I'll give an easy solution (provided by Bugz, Challenger46, Daniel Whitman, lee, Tom, venkatesh, Sasha, and Bala)

 

All of these were more or less equivalent, but Sasha's was the neatest, so here it is:

 

 

Let u=2^x



u² + u^-2 = 7



u² + 2 + u^-2 = 9 = (u + u^-1)²



u + u^-1 = 3



u³ + u^-3 = (u + u^-1)(u² - 1
+ u^-2) = (3)(7-1) = 18

 

 

My solution was needlessly complex, but (I thought) interesting, so I wrote it up in great detail in a web page -- Write Up -- but here it is in a nutshell:

 

 

Let y=2^x. Then y²+y^-2=7, so y⁴-7y²+1=0.

 

 

Solving the quadratic in y², we get y² = 7/2 ± sqrt(45)/2

 

 

This presents a tricky problem in itself: we can express y² in the form a+sqrt(b), where a and b are rational, but can y be expressed in this form?  See Simplifying Nested Radicals for the full explanation, but very briefly, the answer is usually no, but in this case (because the puzzle was contrived, I'm sure) the answer is yes. There are four solutions in y, but two of them are negative, so we can throw them out (because y=2^x must be positive for any real x) leaving us with:

 

y=3/2 ± sqrt(5)/2

 

The quadratic that has these roots can be obtained by multiplying (y-r₁)(y-r₂), where r₁ and r₂ are the two roots. 

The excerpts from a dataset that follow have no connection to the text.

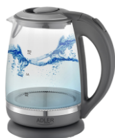
ELECTRIC KETTLE AD 1286
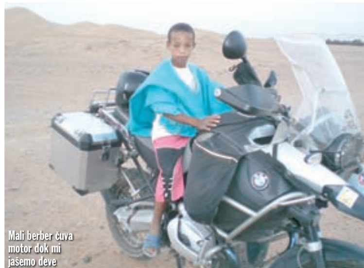
Mali berber čuva motor dok mi jašemo deve

Sva sela kroz koja smo prolazili na putu do Sahare bila su u mraku, pa smo se teško orijentirali. Na našu radost, bar se vrućina smanjila. Tortura je trajala do ponoć i pol, kada smo napokon mrtvi umorni stigli u hotel. Pišem na papir prije
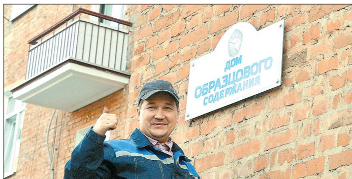
Табличку с почётным знаком сразу же повесили на фасад пятиэтажки – в пример другим

В образцово-показательный двор Константин Цицин пришел вместе с главой минЖКХ области Николаем Смирновым и мэром Екатеринбурга Александром Высокинским . Дом действительно стал поводом для гордости жильцов. Как сообщили в пресс-службе градминистрации, в этом году в рамках региональных и муниципальных программ здесь провели капитальный ремонт и благоустроили дворовую территорию. Непосредственное участие в работе, в том числе и финансовое, приняли жители. Общие затраты составили почти 10 миллионов рублей, из них около 500
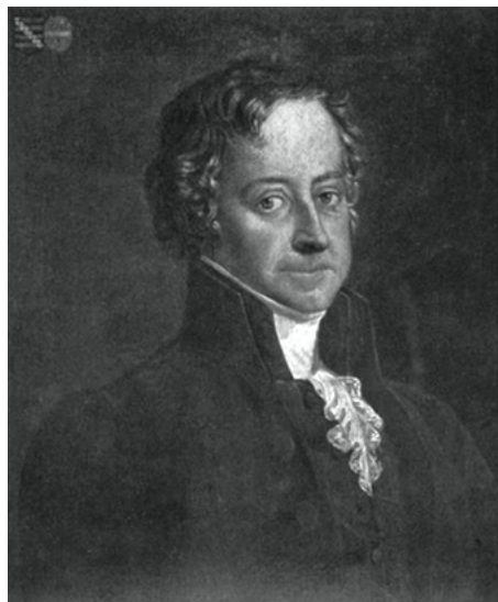
2. Schilderij van Leopold van Sasse van Yssel. Brabant-Collectie, Topografisch-Historische Atlas P/S 18.8.

Door zijn voorname rechterlijke en politieke posities stond Van Sasse van Yssel rond 1900 aan de top, of beter gezegd, in het centrum van het elitenetwerk van oostelijk Noord-Brabant. 13 Daarbij speelde ook het regionale verenigingsleven een belangrijke rol. Hier was Van Sasse van Yssel als een vis in het water: hij kende iedereen die ertoe deed, en iedereen kende hem. Als typisch lid van de aristocratische elite was hij prominent onderdeel van diverse sociëteiten en comités, met name in 's-Hertogenbosch. 14 Voor de Bossche elite vervulde het verenigingsleven een belangrijke rol als sociaal trefpunt. 15 Dit gold zeker voor Van Sasse van Yssel, die zoals gezegd nooit trouwde. Hierdoor had hij tot op hoge leeftijd 'veel van den student kunnen behouden': dagelijks wandelde hij na de gezamenlijke maaltijd met 'eenige eerbiedwaardigen' die hij nog kende uit zijn Leidse studietijd, 'met de jas over den arm, naar de Sociëteit, zooals zij dat, vijftig jaar geleden, óók zouden hebben gedaan'. 16
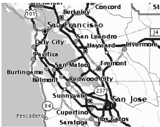
ការគ្រប់គ្រងទីក្រុង

តើការគ្រប់គ្រងទីក្រុងមានរបៀបយ៉ាងណា? ទីក្រុង មានការគ្រប់គ្រង ដោយករណៈកម្មាធិការមួយ មានឈ្មោះថា City Council។ អ្នកដែលបានជ្រើសរើសឡើងធ្វើការនេះ អាចជា ដំណាងសង្កាត់ខ្លះ ឬក៏អ្នករស់នៅជិតខាងក្នុងទីក្រុងនោះ ឬក៏គេអាច ជាដំណាងនៃទីក្រុងទាំងមូលតែម្តង។ ជាមួយគ្នានេះដែរ អ្នកដឹកនាំ ទាំងនេះ ត្រូវតែធ្វើច្បាប់ និងធ្វើសេចក្តីសំរាប់ការធំៗ ដែលមានប៉ះ ពាល់ដល់ការរស់នៅ របស់យើងទាំងអស់គ្នា។ ទីក្រុងនីមួយៗអាច មាន មេដឹកនាំម្នាក់ ដែលជ្រើសរើសដោយសា ការបោះឆ្នោតទូទៅ អ្នកនោះមានឈ្មោះថា ចៅហ្វាយក្រុង Mayor ។ ចៅហ្វាយក្រុង គឺជាមន្ត្រីធំ ដែលទទួលខុសត្រូវធ្វើកិច្ចការ សំរាប់នៅក្នុងទីក្រុងនោះ ខ្លាហារណ៍ ដូចជាប្រធាននៃប្រទេសទាំងមូល។
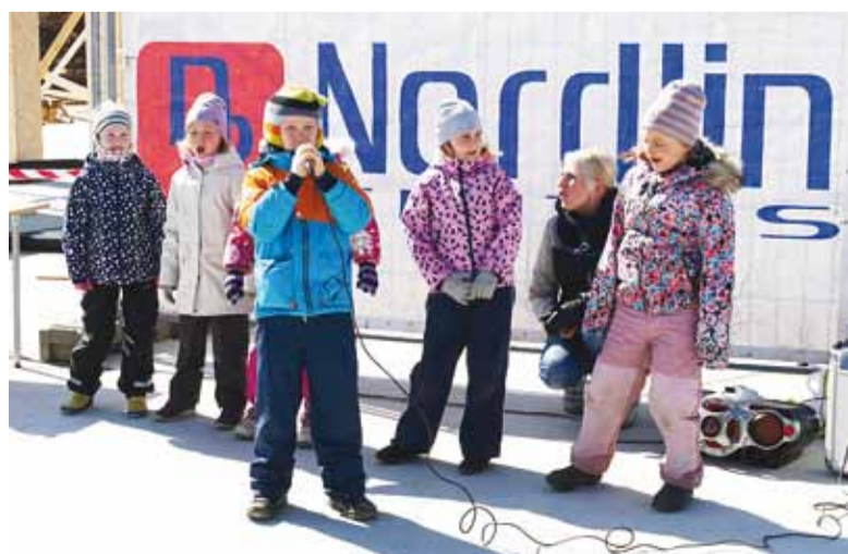
Lapsed tervitasid uue hoone algust lauluga.
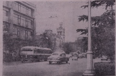
Шкык'әдә проспекта Тбилисеийә Рус'әвәли. Аһне ч'әһе аһәвә пәшһирәтә «Заря Востока», к'әлжә ве трестә «Грузугол».

Щымаэ'та гөр'нә әйлә хьөв дәстәндә мэзынә дэвә к'һышә Әв бь дьл әңц дьхэбтә бона ф' дәһив у зәдә қөлдәдывә пешдә дөһнәтәи ле у сөр'к'арийә Партия Коммунистийә аьрәбөв һ'өмү щымаэ'тә т'эбадә Совете йә бьратнәрә т'эвәһә бь сөр'фийә ш дэвә бор бь аьлт'иһарийә қоһ- ишмөһе т'өмәм.
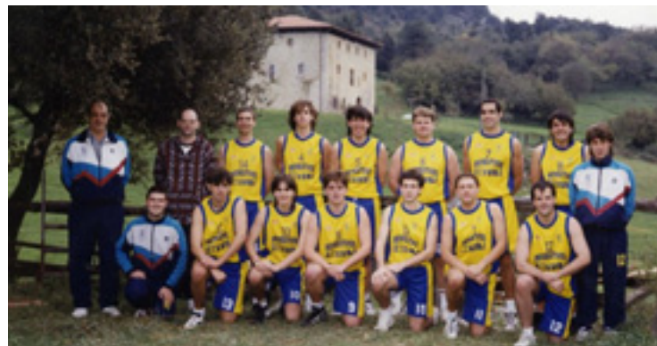
"Ez hain antxinakoak" dira argazkian agertzen diran jokalariek.
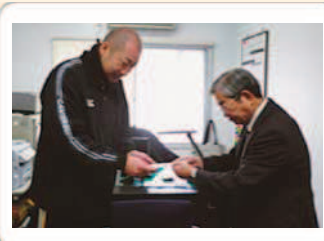
市内児童養護施設への寄附
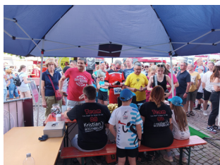
Lange Schlangen vor den Bonkassen.
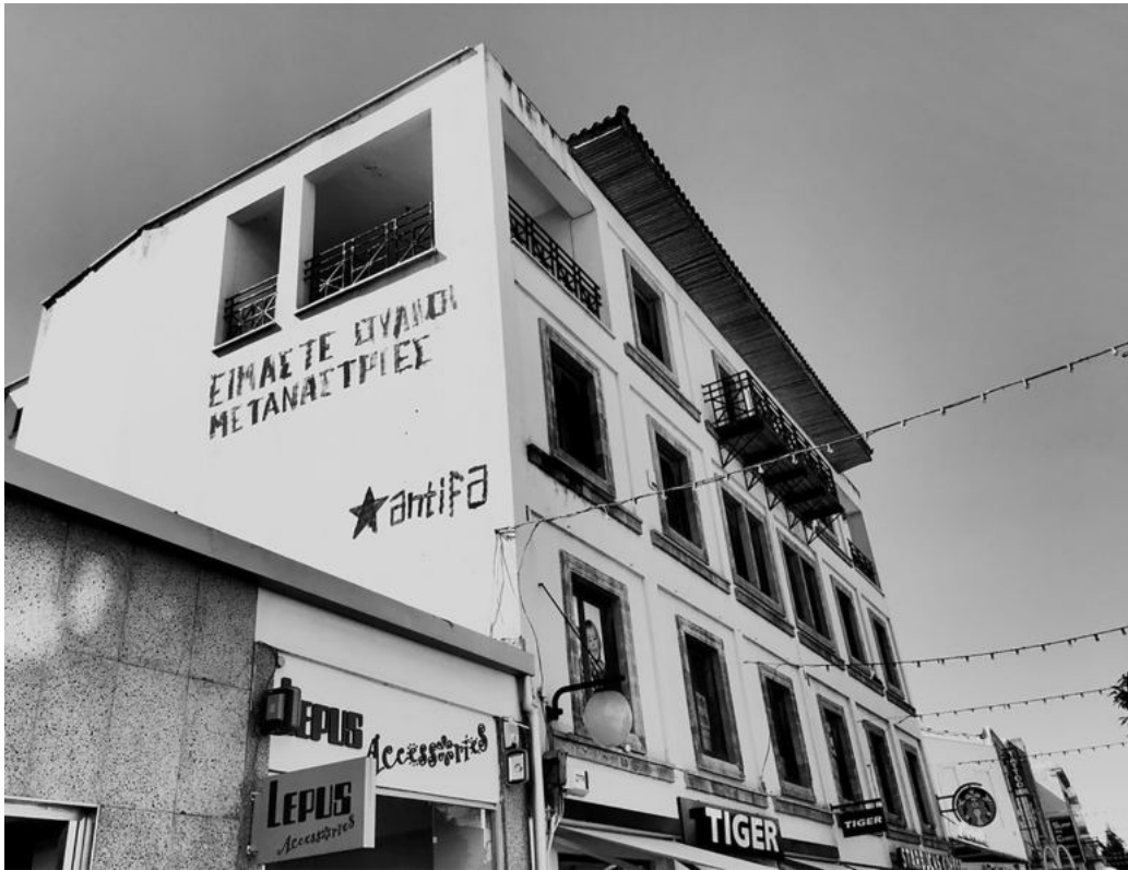
Είμαστε ούλλοι μετανάστριες. Οδός Λήδρας, 2014.
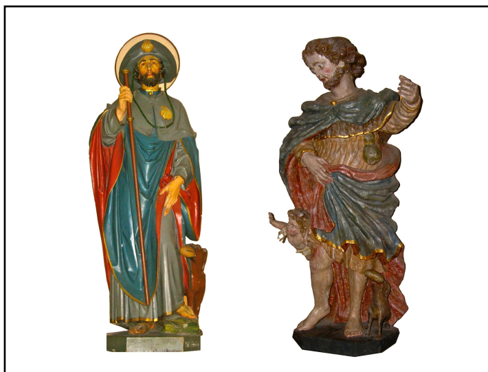
Saint-Roch est invoqué contre les maladies contagieuses des hommes et du bétail, dont la peste et le choléra. À gauche, statue Saint-Roch de l'Eglise décanale et à droite, statue Saint-Roch de la Vieille Eglise

... alors que le choléra sévissait à Diekirch au 19e siècle, la peste s'est acharnée sur les habitants de la région de Diekirch à plusieurs reprises aux 16e (1554, 1579) et 17e (1604, 1613, 1631, 1638, 1668) siècles. La peste est une maladie infectieuse ( Yersinia pestis ) transmise à l'homme par les puces des rats. Elle se développe d'abord par dissémination lymphatique (stade bubonique), puis sanguine (stade septicémique) et enfin respiratoire (stade pneumonique). Les épidémies récidivantes en disent long sur les conditions hygiéniques désastreuses des temps anciens et sur les effets réels des traitements proposés: Cito, longe, tarde, en d'autres mots: Pars vite, va loin et reviens tard. Dès que la « Mort Noire » avait pris possession du bourg, les habitants de Diekirch désertaient leur cité par centaines pour se réfugier dans les forêts des alentours, la Seitert et la Haardt. Ainsi lors de l'épidémie de 1668, les Diekirchois pestilentiels avaient investi le lieu-dit Aaslach à Ingeldorf. (bp, 2010-03-07)
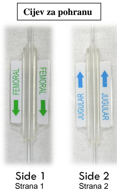
Slika 2- Ispravan otisak na cijevi za pohranu
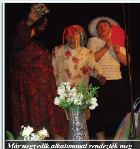
Már negyedik alkalommal rendezték meg
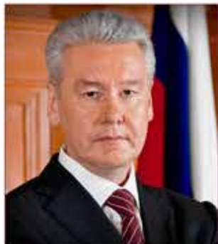
Мэр Москвы С.С. Собянин

В рамках повышения эффективности работы различных элементов системы предупреждения и реагирования на чрезвычайные ситуации в последние годы в г. Москве были приняты: Постановление Правительства Москвы от 18.03.2008 г. № 182-ПП «Об утверждении Положения об организации и ведении ГО Москвы» и Постановление Правительства Москвы «О координации действий органов государственной власти и организаций на территории города Москвы по предупреждению и ликвидации ЧС».
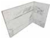
J87468 20x10x15 (8"x 4" x 6")
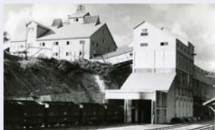
築別坑 選炭工場(左)・貯炭場(右)
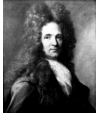
Homme, pstl, 74x60 ov. (Versailles, Palais des congrès, Chapelle, Perrin, Fromantin, 7.IV.1974, Lot 42 repr., attr., Fr4000) Φ
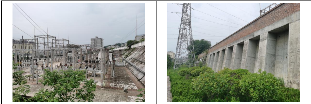
图 6-1 汉阴 110kV 变电站环境状况
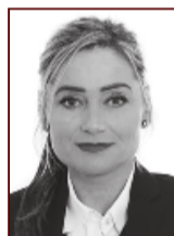
Kristín 699 0512

Stapahrauni 5, Hafnarfirði Sími: 565 9775 www.uth.is - uth@uth.is
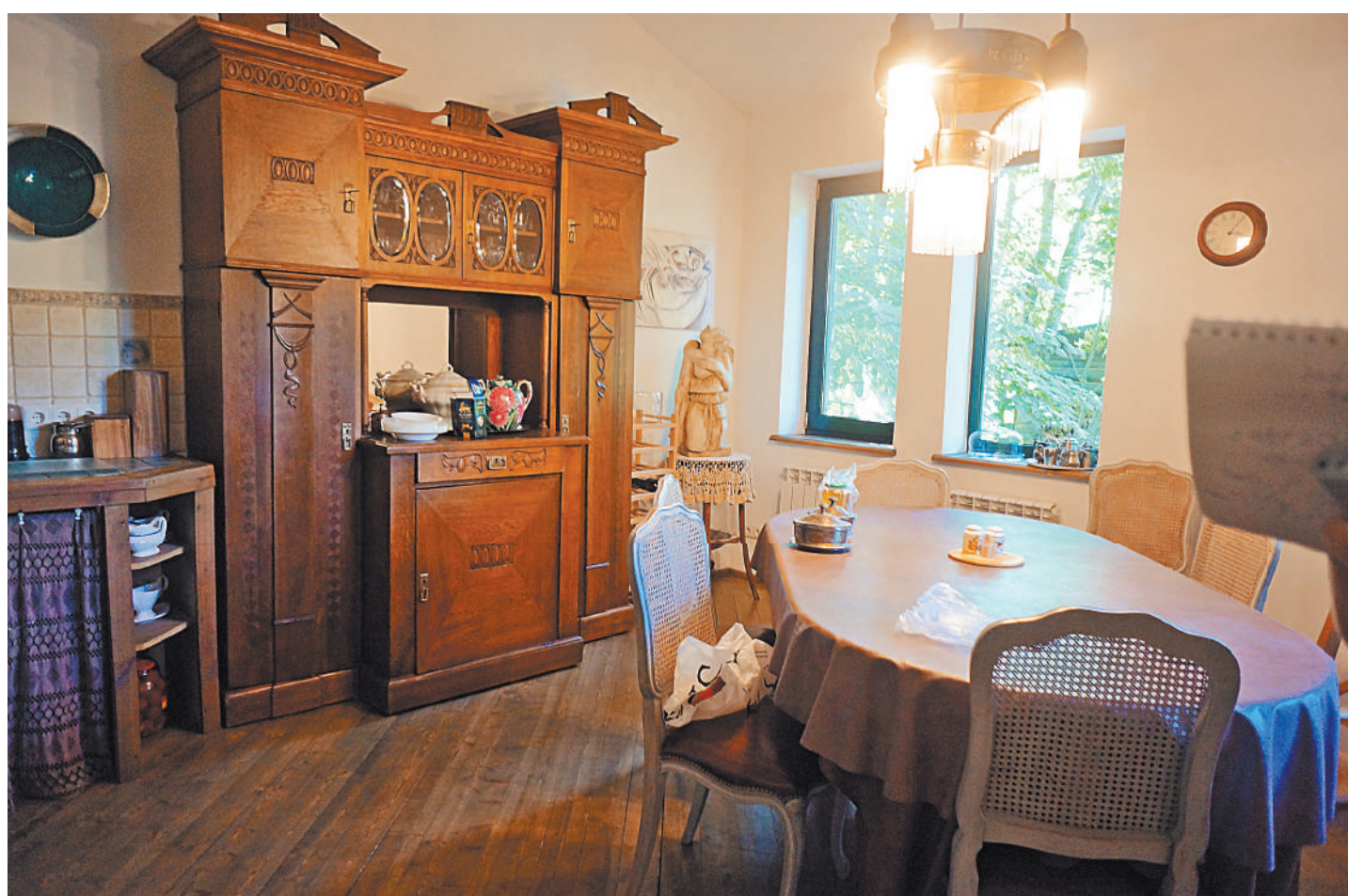
Там же буфет стоял на тбилисской кухне: по скрипу двери в ночи домочадцы понимали, что кто-то налил себе лафитник водки.

сделал свой знаменитый и щемящий своей символикой портрет отца скульптора: очень старый человек в кресле под почти уже упавшим разломленным деревом. Это последнее фото старшего Франгуляна согревает дом.
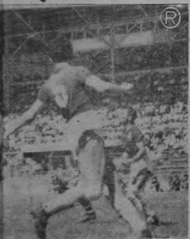
Una atajada espectacular.

Interesante resultó la serie internacional de fútbol femenino que jugaron los equipos de Costa Rica y la Selección de Cuba. El fútbol femenino, como ya lo dijimos en el comentario sobre el partido del debut de las cubanas es atractivo como deporte y por su novedad.
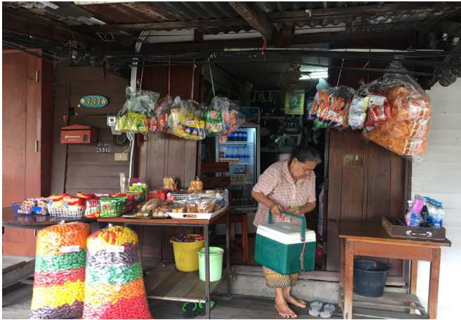
ภาพที่ 3 กิจกรรมในชีวิตประจำวันของผู้สูงอายุในชุมชน (1)
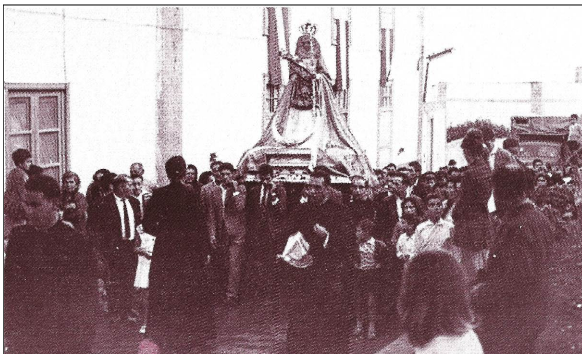
La Virgen de Candelaria en Guía de Isora. [Foto publicadas por Manolo Ramos (2009)].

Curiosamente, aunque en el “ Itinerario de la Peregrinación de la Santísima Virgen de la Candelaria ”, publicado en octubre de 1964 en la revista Radar Isleño , figuraba el domingo 1 de noviembre “ Procesiones a Tejina de Guía y a Playa de San Juan ”, desde Guía de Isora, en la crónica de la visita a este municipio publicada en Radar Isleño no se menciona la primera, aunque sí hemos visto que pasó por Playa de San Juan 9 .
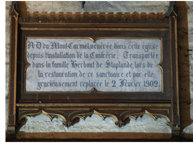
Inscription IVR31_20106202054NUCA
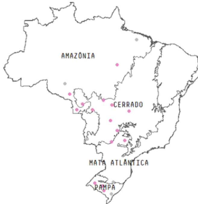
Figur 2: Marfrigs slaktehus som er inkludert i undersøkelsen. For slaktehusene som er markert med rosa, er mer enn 1000 registrerte innkjøp (basert på GTA-data) mellom 2016-2019 analysert. Slaktehus markert med grått blir inspisert av føderale myndigheter, men for disse var ikke innkjøpsdata tilgjengelig.

Tillatelser for kvegtransport, Guia de Trânsito Animal (GTA) , gir detaljer for transport av kvegpartier mellom gårdsbruk og fra gårdsbruk til slaktehus. Tillatelsen inneholder dato for hver transport, gårdsbruket som sender og mottar kveg, antall dyr, deres alder og kjønn. I undersøkelsen er GTA-dataene brukt for å identifisere nettverket av eiendommer og kvegtransportene til de enkelte slaktehusene. 36 Dette nettverket inkluderer indirekte leverandører.
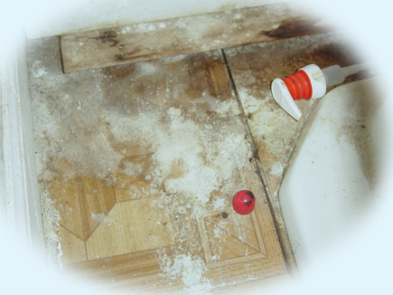
Fotografía por: January E. Jones, Mejorando el ambiente para los niños

El moho es un desencadenante común del asma.
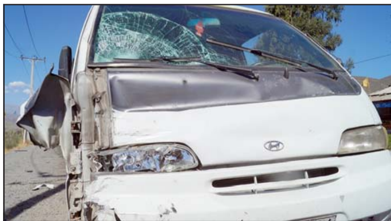
DAÑOS MATERIALES.- El parabrisas y parte frontal del furgón quedaron bastante dañados, una dicha que no se tenga que lamentar una tragedia mayor.
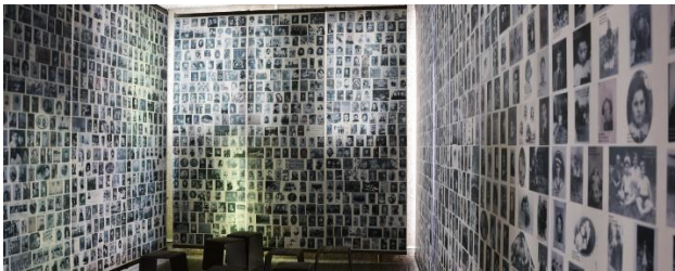
Le mur des enfants
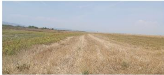
Fig. 2 Fotografi nga tereni

AGJENCIA KOSOVARE E PRIVATIZIMIT KOSOVSKA AGENCIJA ZA PRIVATIZACIJU PRIVATISATION AGENCY OF KOSOVO
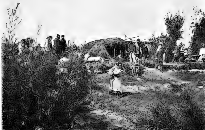
Рис. 14. Пристань на берегу Амура.

Станція Тунгузка расположена на краю большаго поселка Дежнева, въ которомъ между прочимъ находится
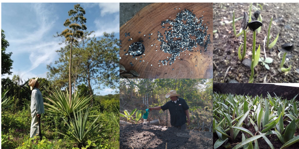
Figura 6. Propagación por semilla de variedades locales de agave

de diversidad genética de las variedades de agaves locales. Ha sido de suma importancia el diálogo academia-instituciones-comunidad respecto a los beneficios de esta práctica. El acompañamiento en la selección y monitoreo de plantas de diferentes variedades para la obtención de semillas, así como en el proceso de germinación y el cuidado de las plántulas constituyeron una parte importante del trabajo con las familias. Cabe señalar, que el intercambio de experiencias entre los propios productores respecto a esta actividad es lo que ha generado mayor interés en otros manejadores de agave por comenzar a experimentar con esta estrategia.

In this way, we discover that these are the roots of the polynomial y²-3y+1=0, which is interesting because its coefficients are
palindromic (if that's not a word it should be).

 

 

For one thing, this means the two roots are reciprocals of one another, so pick either one, and the value of yⁿ+y^-n will be the same.

 

 

For another thing, this means the recurrence relation that describes the sequence of successive powers of y runs the same way in both directions!

 

 

Consider the sequence y⁰, y¹, y², … where y is a root of ay²+by+c=0

 

 

yⁿ = -(b/a)y^n-1 - (c/a)y^n-2, so each element can be obtained from this linear combination of the previous two.

 

Similarly,

 

yⁿ = -(b/c)yⁿ⁺¹ - (a/c)yⁿ⁺², so each element can be obtained from this linear combination of the following two.

 

 

In this case, the coefficients of the polynomial are symmetrical, 1, -3, 1, so each element is equal to three times the previous one minus the one before that, OR three times the next one minus the one after that.

 

 

This symmetry is important, because it means that yⁿ + y^-n = 3(yⁿ⁺¹ + y^-n-1) - (yⁿ⁺² + y^-n-2)

 

 

Knowing this recurrence relation and any two elements in the sequence will allow us to solve the entire sequence.

 

 

We know y²+y^-2 = 7, and it's obvious that y⁰+y^-0 = 2, so from the recurrence relation (each element is three times the previous/next element minus the element before/after that) it follows that y¹+y^-1 = 3.

 

 

The rest of the sequence follows: 2, 3, 7, 18, 47, 123, 322, 843, 2207, 5778, …